If you want to ensure that you or your staff don't get hit with mobile malware, there are some important steps you can take to stay safe:
Update your OS – According to the survey, 57% of Android phones are running an operating system at least two full versions behind the current one. Not keeping your devices up to date makes them more vulnerable to software attacks. As hackers find new vulnerabilities, the platform holders issue patches to fix these exploits. It's a constant game of cat and mouse, which is why it's so important to keep your phone updated
Avoid dodgy apps – With the ease of creating and publishing apps, they are a target for scammers to collect your details or access your device without permission. Don't be tempted to download apps from unknown sources. Instead, stick with the official app stores, check reviews before downloading, and check with your company IT department, too.
Antivirus apps – An antivirus app can be a good way to protect your phone.

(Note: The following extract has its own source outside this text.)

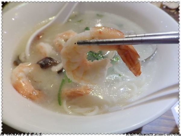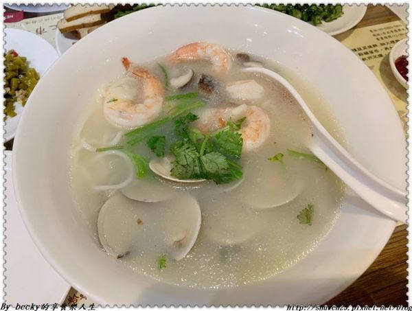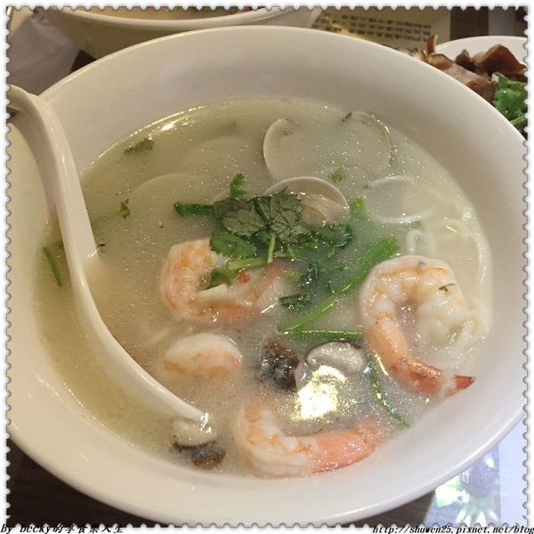 這碗有鮮蝦、蛤蜊,濃郁的湯頭中泛著海鮮油脂,裡頭還灑上少許香菜來添加香氣,讓食指大動呢!

Android users are far more likely to be hit with malware than users of the closed iPhone OS, and you'll find plenty of choices on the Google Play store. Make sure to go with a name your recognise, with plenty of good reviews. If you're running a business, it's smart to ensure all your staff run a security app on their business phones, managed by a central account for your company.
Avoid public networks – Public Wi-Fi is a great service when you need to hop online, but it can be a back-door for scammers. This is especially true if you're connecting to an open (ie password-free) public Wi-Fi account you know nothing about. It's best to avoid unsecured WiFi if possible, or, use a VPN to disguise your identity and protect yourself from data-snoopers.
Be smart with passwords – No one likes coming up with dozens of unique passwords, let alone remembering them all. But, re-using the same old password over and over is a major security risk. Make sure your staff regularly change passwords, or – better yet – use a password manager.
Password managers can generate unique, secure passwords for you, and log you into accounts automatically. They're a smart way of avoiding one of the biggest security risks a business can face.